### Data provided
================================

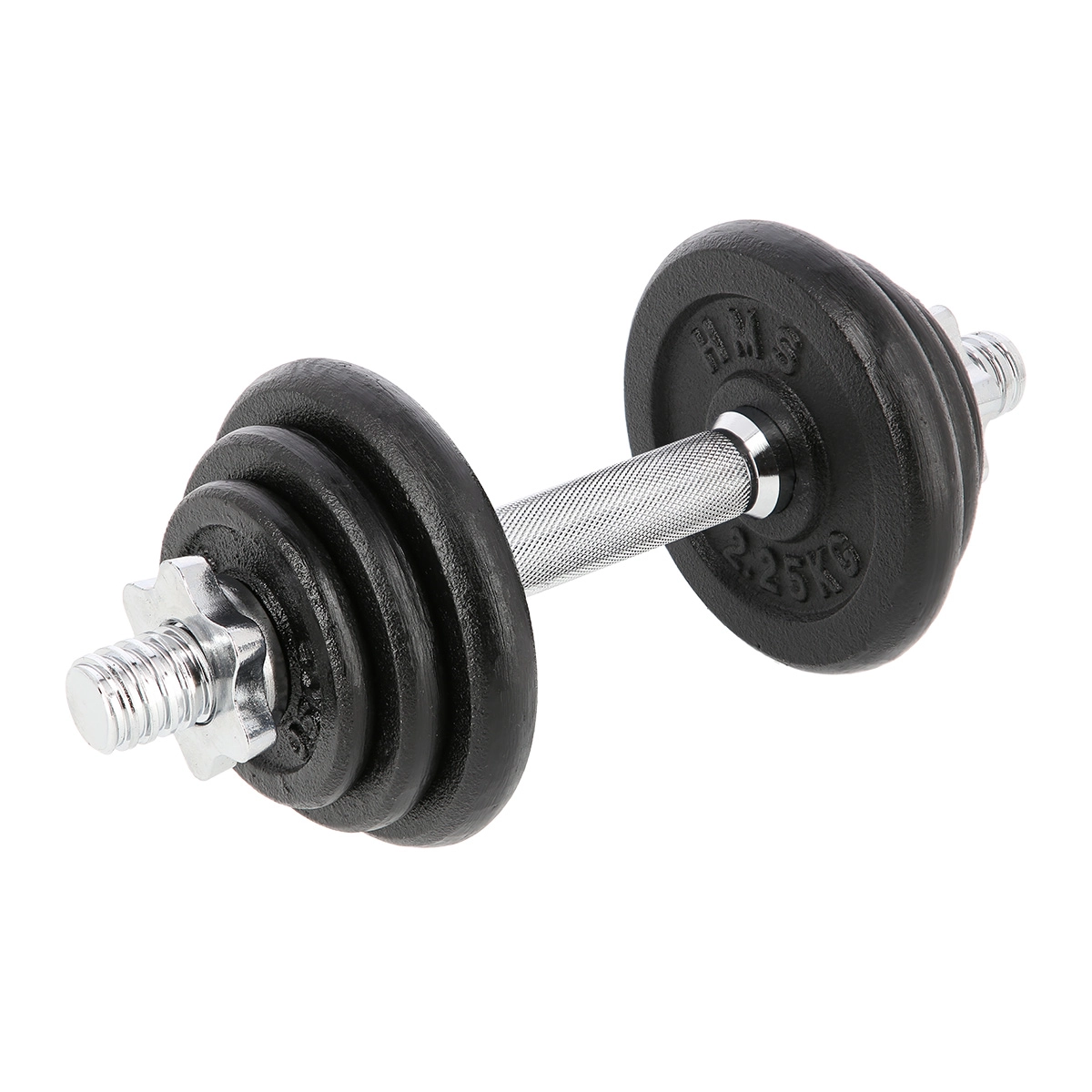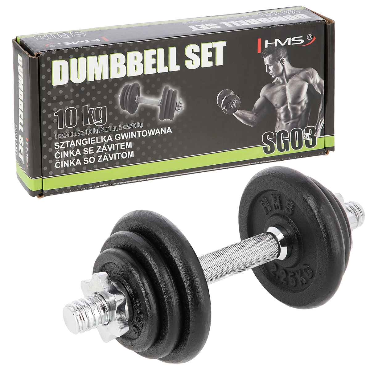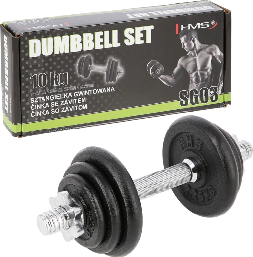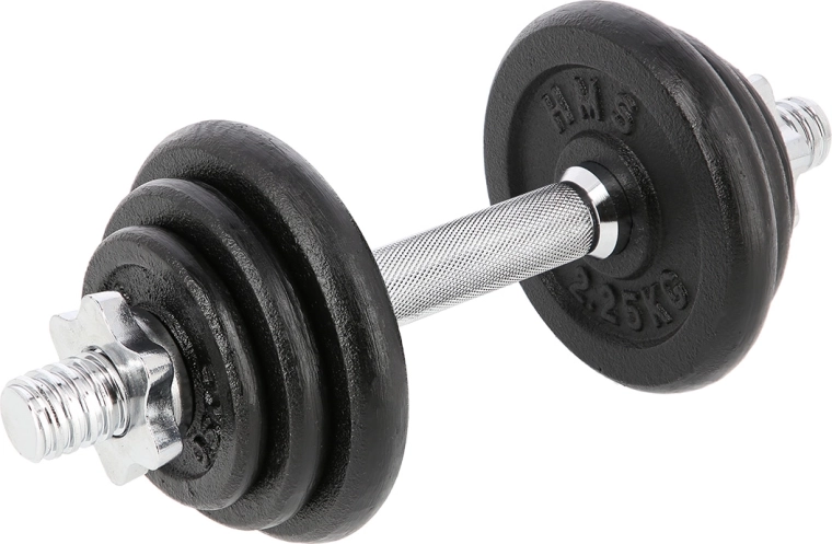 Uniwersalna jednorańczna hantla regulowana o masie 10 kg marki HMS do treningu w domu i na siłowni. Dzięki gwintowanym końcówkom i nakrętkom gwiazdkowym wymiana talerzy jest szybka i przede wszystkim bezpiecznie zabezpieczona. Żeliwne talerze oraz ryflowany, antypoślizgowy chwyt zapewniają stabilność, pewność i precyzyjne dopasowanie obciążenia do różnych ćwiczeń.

================================

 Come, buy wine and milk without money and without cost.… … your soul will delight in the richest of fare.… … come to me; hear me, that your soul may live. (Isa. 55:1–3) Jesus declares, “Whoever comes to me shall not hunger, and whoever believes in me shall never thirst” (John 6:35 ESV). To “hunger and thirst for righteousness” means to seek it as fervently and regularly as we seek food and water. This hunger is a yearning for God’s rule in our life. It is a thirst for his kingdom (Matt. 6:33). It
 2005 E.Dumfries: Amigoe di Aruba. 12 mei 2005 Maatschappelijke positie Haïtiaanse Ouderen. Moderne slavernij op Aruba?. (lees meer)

================================

### To do
Set down, unchanged, only those lines above that fall between the line with "Come, buy wine" and the line with "2005 E.Dumfries: Amigoe", the two end lines included.

### Task result
 Come, buy wine and milk without money and without cost.… … your soul will delight in the richest of fare.… … come to me; hear me, that your soul may live. (Isa. 55:1–3) Jesus declares, “Whoever comes to me shall not hunger, and whoever believes in me shall never thirst” (John 6:35 ESV). To “hunger and thirst for righteousness” means to seek it as fervently and regularly as we seek food and water. This hunger is a yearning for God’s rule in our life. It is a thirst for his kingdom (Matt. 6:33). It
 2005 E.Dumfries: Amigoe di Aruba. 12 mei 2005 Maatschappelijke positie Haïtiaanse Ouderen. Moderne slavernij op Aruba?. (lees meer)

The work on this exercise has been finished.